For financial instruments accounted for at FVOCIwoR for which there are no quoted prices in active markets for identical instruments (Level 1) or for similar instruments, or for which there are no applicable measurement methods in which all major input factors are based on observable market data (Level 2), the fair value must be calculated using a measurement method for which the major input factors are based on non-observable market data (Level 3). If external valuation reports or information from other financing rounds is available, these are used. If such information is not available, the measurement is performed according to the measurement method that is deemed appropriate and realizable in each case: for
example, according to the discounted cash flow method or by valuation according to multiples using ratios based on purchase prices for comparable transactions. Measurement at amortized cost is only considered the best estimate of the fair value of financial assets if the most recent information available for fair value measurement is insufficient. Financial instruments accounted for at FVOCIwoR are centrally monitored with regard to any changes to the major non-observable input factors and continuously checked for changes in value.
The following table shows the changes to financial instruments at Level 3:
| Other | |
|---|---|
| € millions | investments |
| As at January 1, 2022 | 159.5 |
| Valuation effects recognized in other comprehensive income | –0.7 |
| Additions | 10.2 |
| Convertible note conversion | 0.5 |
| Exchange-rate effects | 3.6 |
| As at June 30, 2022 | 173.1 |
| As at January 1, 2023 | 155.5 |
| Valuation effects recognized in other comprehensive income | –49.6 |
| Additions | 1.5 |
| Exchange-rate effects | –1.1 |
| As at June 30, 2023 | 106.3 |
Of the financial instruments remaining at Level 3, there were no indications of any significant change in the value of the financial investments as at the reporting date. For reasons of materiality, a sensitivity analysis is not required.
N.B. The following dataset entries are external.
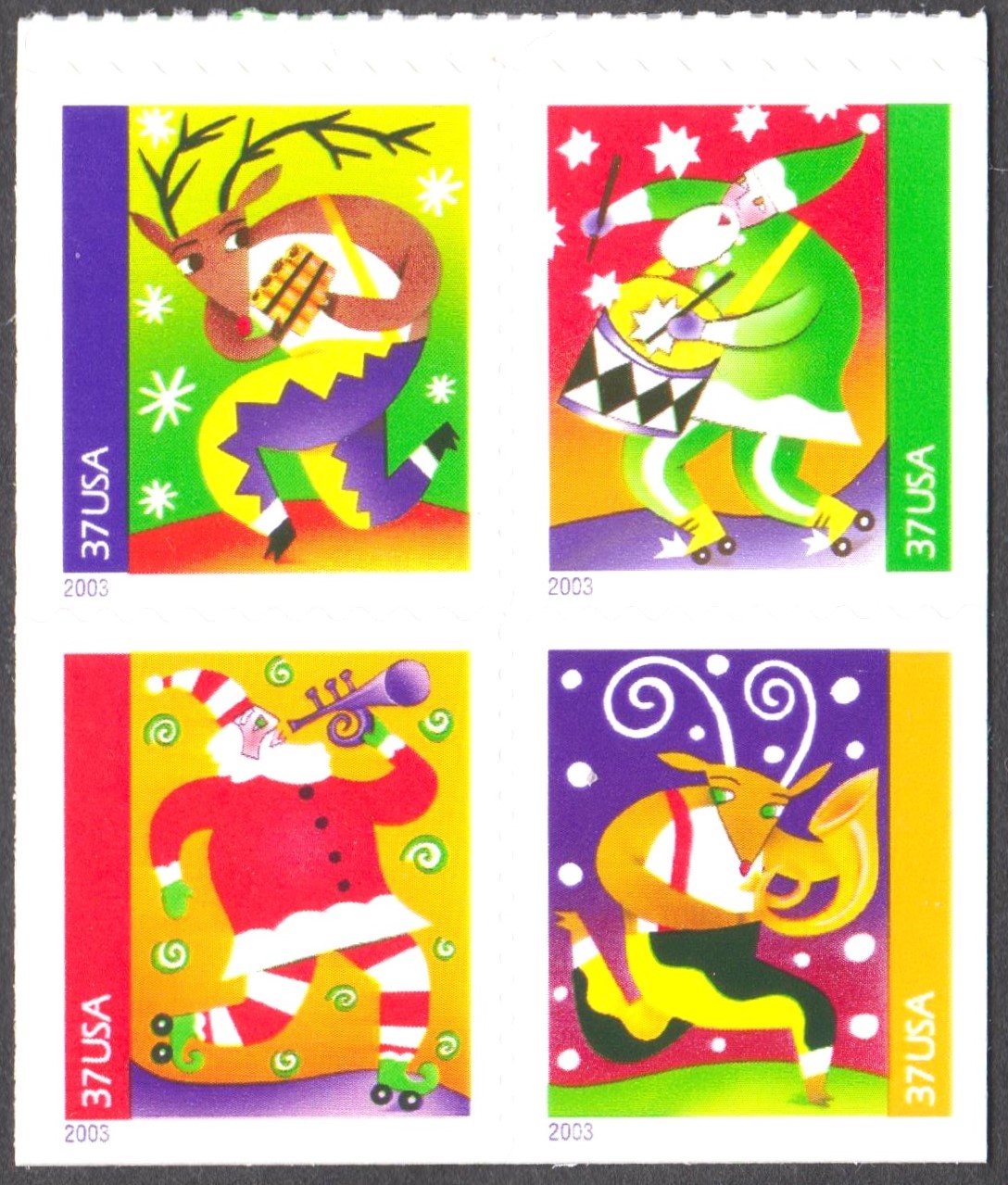 2003 erschienen in den USA Weihnachtsmarken "Holiday Music Makers", USA MiNr. 3792-3795, in Markenheftchen mit selbstklebenden Marken der Wertstufe 37 (C) in kleinerem Format USA MiNr. 3788-3791: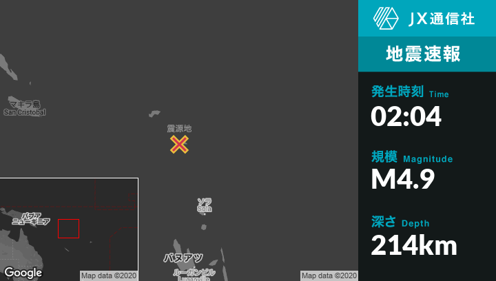 1月24日 02:04頃、ソロモン諸島のLataから南東138kmの地点でM4.9の地震がありました。
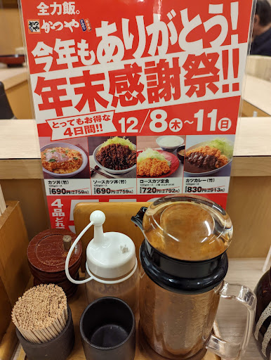 Read more2025年8月15日金曜日の晩ご飯で利用 感謝祭最終日に入店直ぐに券売機が👀暫く来なかった為、時代の流れかと思い操作 店内飲食とテイクアウトを同時オーダーしようとしたが、分からず個別にオーダーし会計処理 オーダーしたのはロースかつ定食 個人的に1番安定したメニュー次にカツカレーに唐揚げも旨いのでお気に入り🔖 いつも通り値上げされたとは言え見た目維持されております。 着席したのはカウンター 椅子が固定式だから、ちょっと荷物が有ると座り辛いのと、場所によって窮屈なんだよね。 冷茶等卓上に有れば利用しやすいけどスタッフさんが配給するタイプだからいちいち声掛けしなけりゃならないのは不便だしスタッフも大変だと思う また卓上アイテムの辛子とか、沢庵等の補充が間に合って無かったりで、相変わらず確認不足なのは変わらず。 感謝祭は鉄火場でスタッフさんは大忙し 券売機を導入して、さぞかし他の業務をこなせるかと思うが、年配の方は操作に戸惑い 発券した後は空いた席に自分で取りに行くスタイルなので、ちょっと分かりづらい。他の方も口コミされているけど、発券された商品が作られてしまうのではないか?とかスタッフ〜の声掛けも無いので不安😨でしかない。 取り敢えず頂きます。いつも通りだけどトンカツのカットが均一ではなく素人さん 厚い所と薄い所がある始末 肝心の豚汁のヌルい事と味噌󠄀が薄く豚🐷肉ケチりすぎて、豚汁風味の薄い味噌󠄀汁はガッカリする 最後に食べ終えてご馳走様と声掛けしたが、挨拶もされず、スタッフ4〜5人いて反応出来ない男性スタッフさん ちょっと配慮がなさ過ぎて不満でしか無い。個人的に感謝祭は忙しいけれど以前は活気が合って挨拶もしっかり出来て良いお店だと重宝していたけど残念😞デス。 2024年5月 晩ごはんで飲食 フル盛りプレートフェアに定番のロースカツと唐揚げの合盛定食をオーダー 今日は見た目満足キャベツが高値なのに盛りが良い 追加トッピングしてもいないのに、唯一豚汁の味噌の加減はちょっと薄く感じたのが残念😑男性スタッフさんの接客が気持ちが良い👍やっぱり揚げたてを直ぐに食べれるのは有り難い。後片付けも揚げ物は大変だし。美味しく頂きました🥰ご馳走様でした。 2022年12月9.10金、土曜日の晩ご飯で利用🥰安定してお得🉐に頂けて満足🍛ご馳走様でした😋2022年1月29日土曜日 限定メニューのトンカツ豚焼き肉スタミナ焼き定食をオーダー 限定メニューのポスターに引かれてオーダーしたものの焼き肉タレが大量に使用されていて、しょっぱくて年配者には、食べきれず😑限定メニューは、目👀を引かれるインパクトも大事だと思いますが、やり過ぎは、客を遠ざけてしまいます。もっと丁寧に作り込んでメニュー開発を、お願いしたいデスネ。今回の限定メニューはハズレでオススメ出来ない😅メニューでした。ターゲットは肉体労働者が食べる為の食事 次回の限定メニューに期待したいと思いました😔 手軽に熱々の豚カツが食べられる良いお店です。各テーブルにある、割り干し大根(漬物)が無料で甘じょっぱく歯触りポリポリで、ご飯がススムくん麦茶でもポリポリ。お会計時には、必ず期間限定100円引きクーポンが頂けて、次回以降お得に頂けます。また期間限定メニュー かつやオリジナルメニューなんかもあり、こちらもなにかと話題 過去にぶっ飛んだメニューも開発 また期間限定で150円引き限定メニューも8月9日から始まるので、お得に美味しく、頂けるのは、嬉しいですね。 8月25日日曜日限定メニューの唐揚げタレのチキンカツ定食大盛りを、注文 見た目のインパクトは十分 さてお味は、甘じょっぱい濃い目のタレ(めんつゆ、分かり易く例えると)に生姜が効いて、ご飯がススムクン...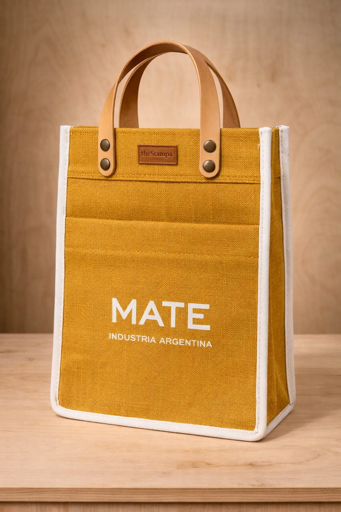 Matera confeccionada en Lona natural. Forreria en lienzo 100% algodon. Divisor interno para Termo (entra el Stanley) y mate + yerba. Correa regulable de algodon resistente para el hombro. Manijas de Cuero Vaqueta con sistema de broches desmontables o fijos. Bolsillo frontal.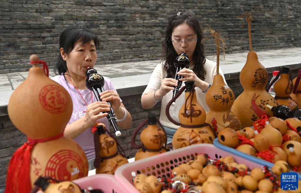 當日,陜西省西安市新城區“遇見城墻·非遺韻”非遺集市主題活動在西安城墻中山門下舉辦。秦腔、華陰老腔等特色非遺節目在永興坊戲樓前輪番表演,皮影、布藝、工藝葫蘆等二十多種非遺作品在順城巷內集中亮相,豐富市民文化生活的同時也讓游客感受到陜西非遺的獨特魅力。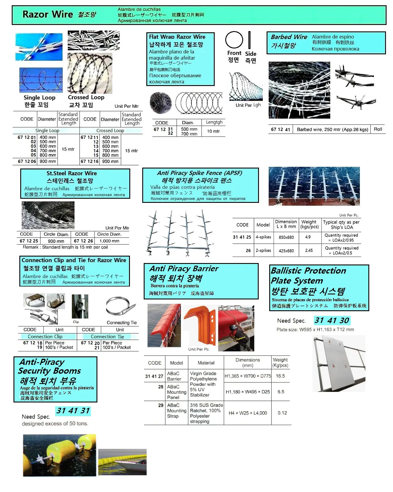 | Description | FLAT WRAP RAZOR WIRE, D: 500 MM, 10 MTR/PKT |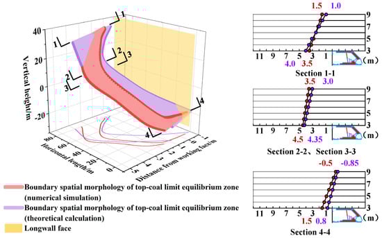 Chicago/Turabian StyleLang, Ding, Xiaobo Wu, Yongping Wu, and Panshi Xie. 2025. "Boundary Spatial Morphology of Top-Coal Limit Equilibrium Zone in Fully Mechanized Top-Coal Caving Stope in Steeply Dipping Coal Seam" Applied Sciences 15, no. 12: 6443. https://doi.org/10.3390/app15126443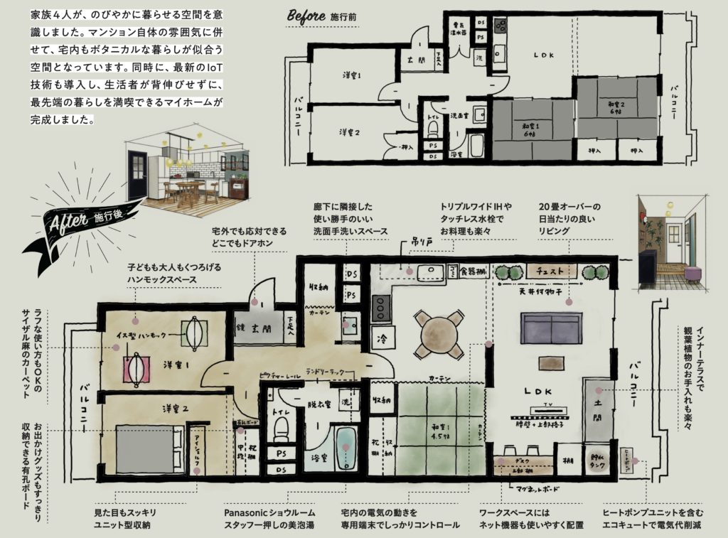 その実現に向けてスケルトンベースで間取りを見直し、アフターコロナの家族の暮らし方を想像し、将来を見据えた最先端のIoT活用方法を検討しました。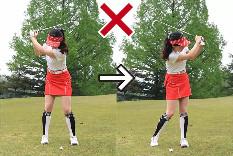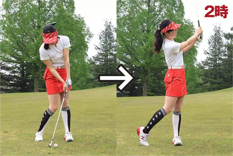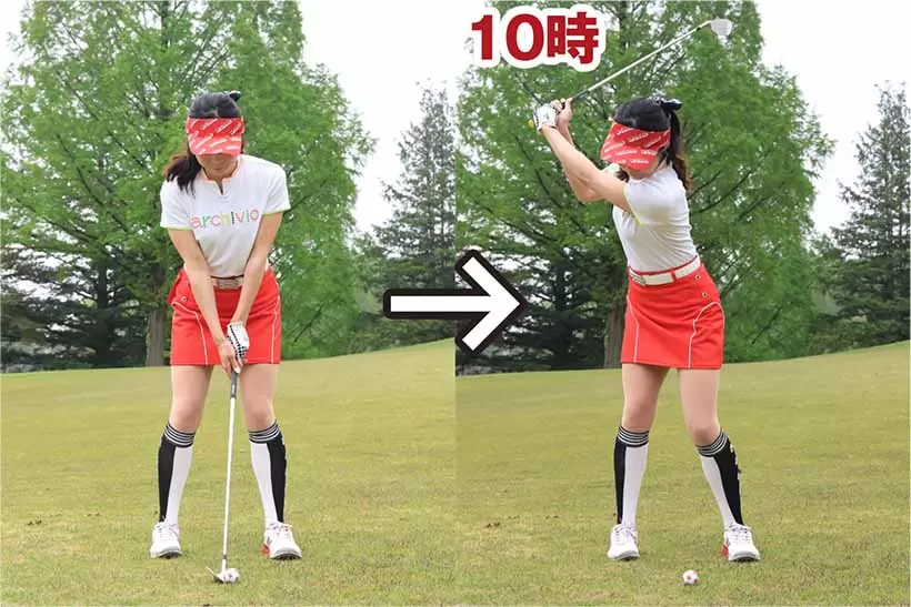 スタンスを狭めにし、ボールの位置はスタンス中央。バックスイングは左腕が10時の高さが目安となる。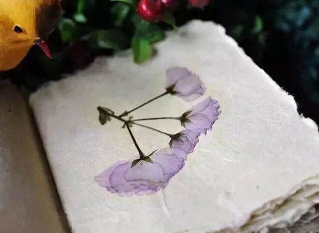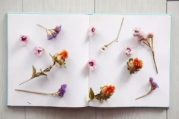 摆好后放上另一张纸压住。将大且重的物品压在夹好花的纸上,比如字典、百科全书等,也可以用重重的盒子和木头。等待1-3周,压花就完成了。你可以像欣赏艺术品一样欣赏平整美丽的压花啦!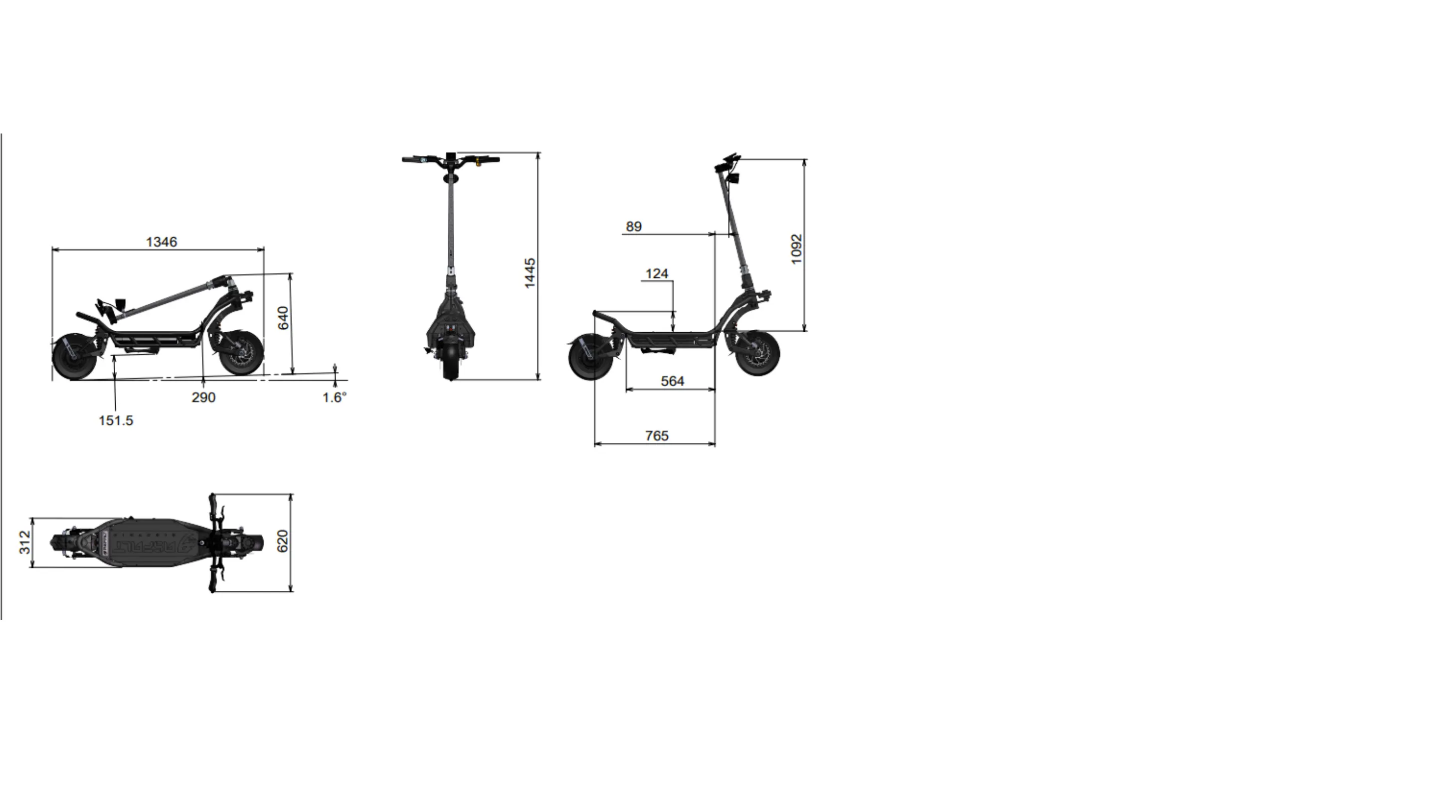 1090 mm od kierownicy do podestu,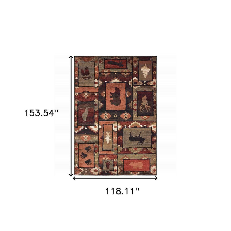10' X 13' Brown Rust Berry Sage Green Gold And Ivory Southwestern Power Loom Stain Resistant Area Rug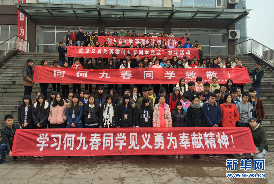 危難時刻挺身而出,英雄壯舉催人淚下。何九春的同學(xué)們紛紛自發(fā)的打出標(biāo)語,向何九春致敬。

In May 2005, the Brazilian competition authorities opened investigations against Continental's Brazilian subsidiary Continental Brasil Industria Automotiva Ltda., Guarulhos, Brazil (CBIA), following a complaint of anticompetitive behavior in the area of commercialization of tachographs. On August 18, 2010, the Brazilian antitrust authorities determined an "invitation to cartel" and imposed a fine of BRL 12.0 million (around €2.3 million) on CBIA, which was then reduced to BRL 10.8 million (around €2.0 million). CBIA denies the accusation that it has infringed Brazilian antitrust law. Although the court of first instance appealed to by CBIA upheld the decision, on CBIA's further appeal the next higher court annulled this decision and remanded the matter. In February 2023, the court of first instance rendered a verdict against CBIA and lifted the ban on the enforcement of the financial penalty against CBIA (at that time an amount of BRL 34.2 million (around €6.5 million)). CBIA filed a motion for clarification requesting that the preliminary injunction against enforcement remain in full force up until a final and unappealable ruling is made. This motion was denied, and CBIA will file an appeal against this decision. In case an infringement of Brazilian antitrust law is found, third parties may, in addition, claim damages from CBIA.
As a result of investigations that came to light in 2014, the European Commission imposed a fine of €44.0 million on Continental AG; Continental Teves AG & Co. oHG, Frankfurt am Main, Germany; and Continental Automotive GmbH, Hanover, Germany; on February 21, 2018, for the unlawful exchange of information. This involved specific brake components. Continental has paid this fine. Customers have since approached Continental to claim for damages, in some cases for specific amounts. In September 2022, Mercedes-Benz AG and Mercedes-Benz Group AG filed a civil lawsuit against Continental AG and three other companies of the Continental Group before the High Court in London, United Kingdom. Mercedes-Benz has yet to attach any specific amount to its claim. Continental has challenged the British court's jurisdiction in this case. Mercedes-Benz Group AG subsequently filed for declaratory judgment action with the Hanover District Court against Continental AG and two other companies of the Continental Group in December 2022. The High Court in London, United Kingdom, denied the jurisdiction of the British courts in May 2023 and rejected the plaintiffs' application for legal remedy (leapfrog appeal, appeal from first instance) against this decision in June 2023. The plaintiffs have not appealed this decision. The lawsuit before the High Court in London, United Kingdom, has therefore been resolved. In April 2023, several companies of the Stellantis Group as well as several companies of the Renault Group filed a civil lawsuit in each case against Continental AG and three other companies of the Continental Group before the High Court in London, United Kingdom. Both the Stellantis Group and the Renault Group are yet to attach any specific
amount to their claims, and these are also yet to be delivered to Continental.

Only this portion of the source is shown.